Two years ago today, the amazing Extreme Makeover: Home Edition team pulled up in a bus and Ty Pennington shouted to the sky and everyone within hearing distance, "Good Morning, Woodhouse Family!"
To say that it changed our lives doesn't quite express that experience correctly. Each and every day I wake up and praise God for what He's done.
I'm so thankful. Thankful for this amazing home. Thankful for my kids' health improvements. Thankful for the opportunities that have opened up because of this. And thankful for the chance to encourage and bring hope to other people in need.
Thank you all for your encouragement, love, and support. Thank you for your notes, your hugs, your buying 20 copies of my book to give to friends. :) Thank you for traveling this journey with us.
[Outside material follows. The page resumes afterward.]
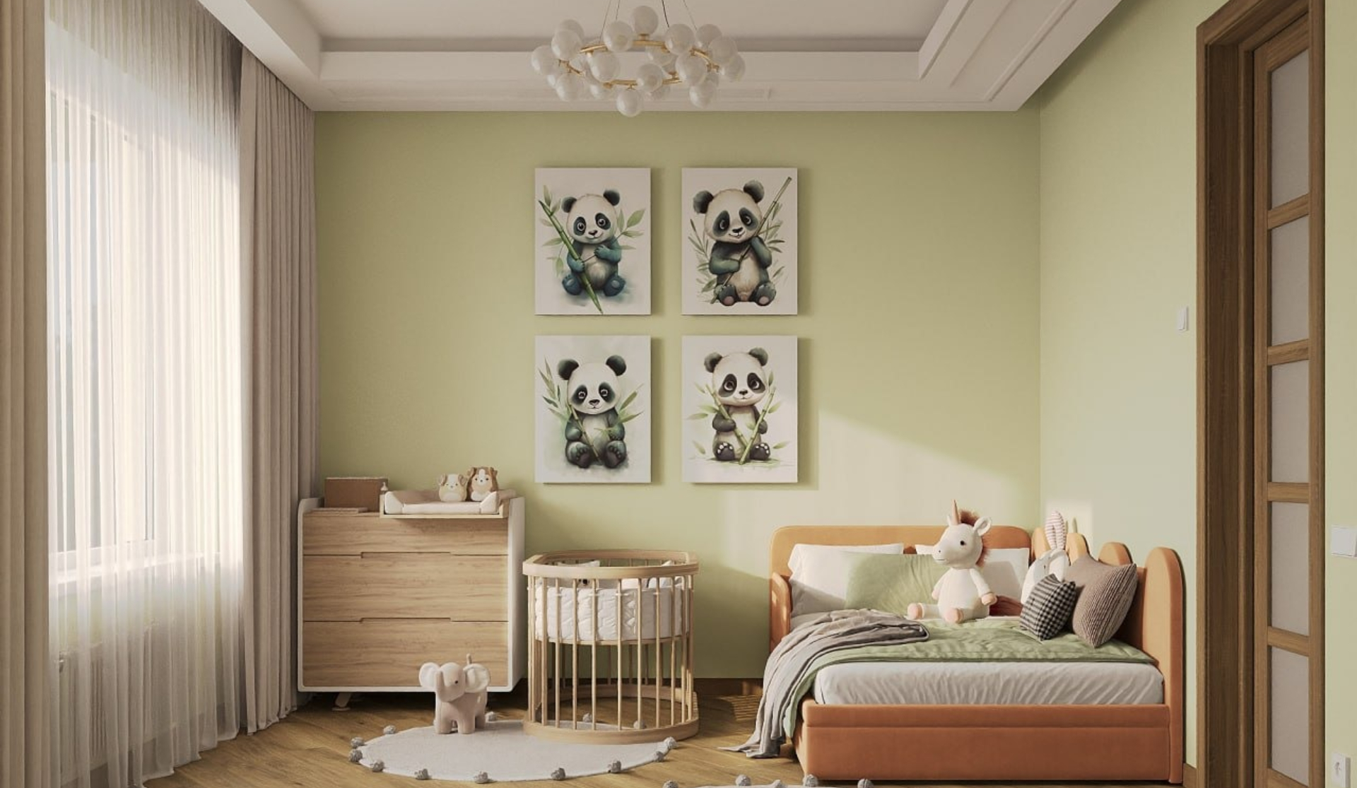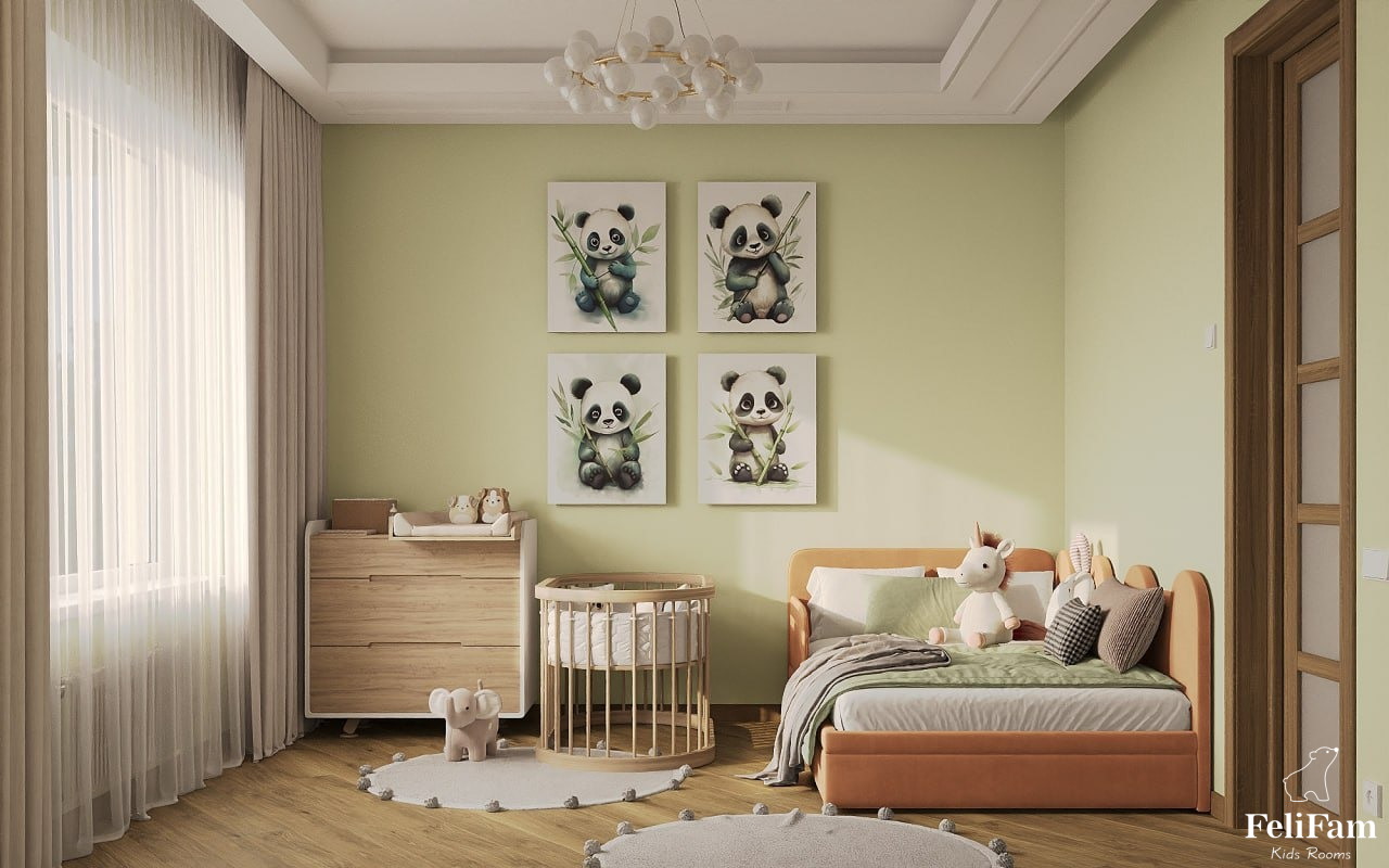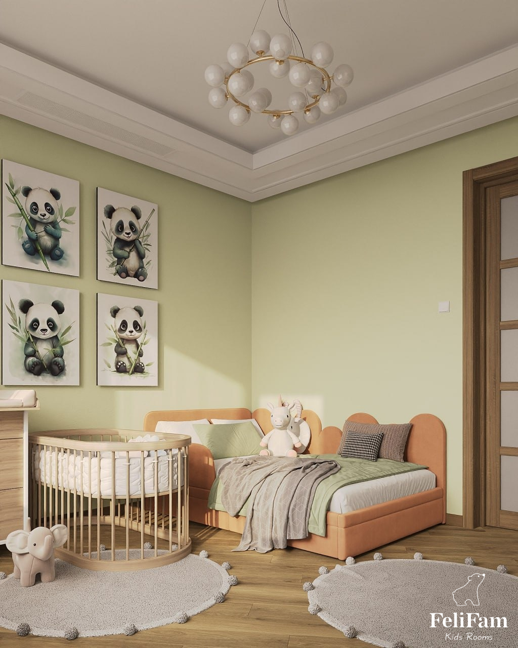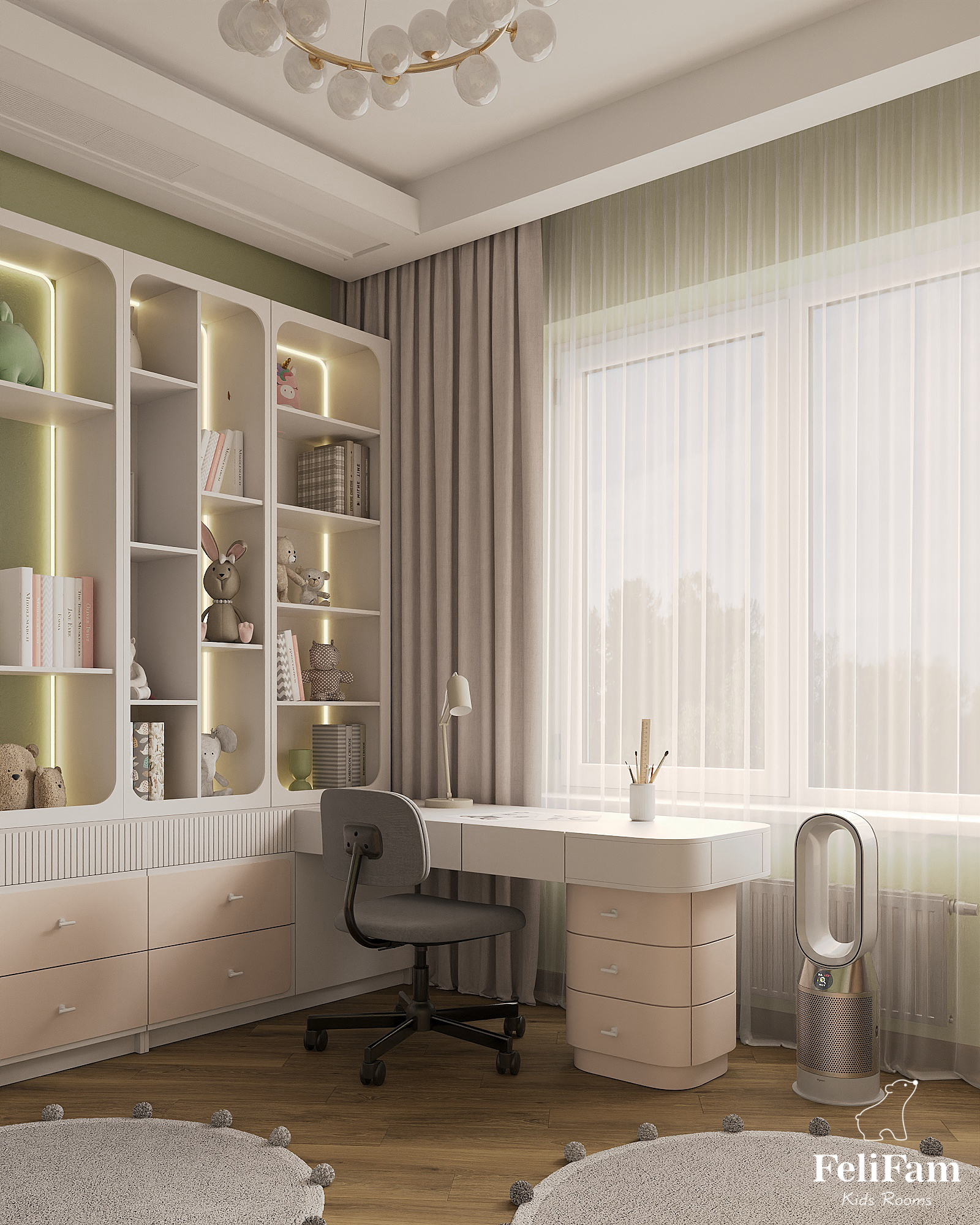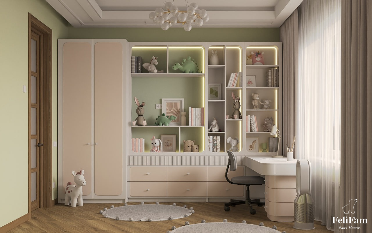A cozy room for a little girl in delicate shades of beige with accents of peach and olive. The shelf is milled and illuminated, and the bed has a safety edge. The study area is designed for the future, so the space is ready for school.

A special thanks to Matt and Shannon Swanson. You are precious to us. Thank you for all you did to make this possible. And thanks to the community of Colorado Springs.
God is so good.
I pray you are all blessed by our story - and let me remind you that His joy is always there.
Wednesday, September 30, 2009
Saturday, September 26, 2009
Three Years and Counting...
Today marks the three-year anniversary of my beautiful daughter Kayla's brain decompression surgery.
Our great God never ceases to amaze me. I look at my incredible kids every day and am marveled by His grace and love.
And what I think about on Sept. 26 is the fact that Kayla's brain was being squished by her skull. Part of her skull has since been removed, part of the top two vertebrae were drilled out, and her dura membraine was opened up and made bigger. Looking at her today, I can hardly believe it.
Kayla has been through so much in her life, and yet, she keeps on smiling. Each day she faces with new determination and grit. She swims miles upon miles every day, studies her Bible, does mountains of schoolwork, and brainstorms new books with me. To look at her, you'd never guess that she deals with a rare nerve disorder every day, or that she underwent such a huge surgery three years ago.
I'm attaching a picture of the kids at the Grand Canyon this past spring. Look at this picture and try to tell me our God isn't awesome. Look at this picture and try to tell me He's not the God of miracles. Look at this picture and try to tell me it's okay to whine and complain. :)
No.
Instead? Look at this picture and be amazed. Then look at your own life. Pick yourself up by your bootstraps, grab onto His joy, and smile.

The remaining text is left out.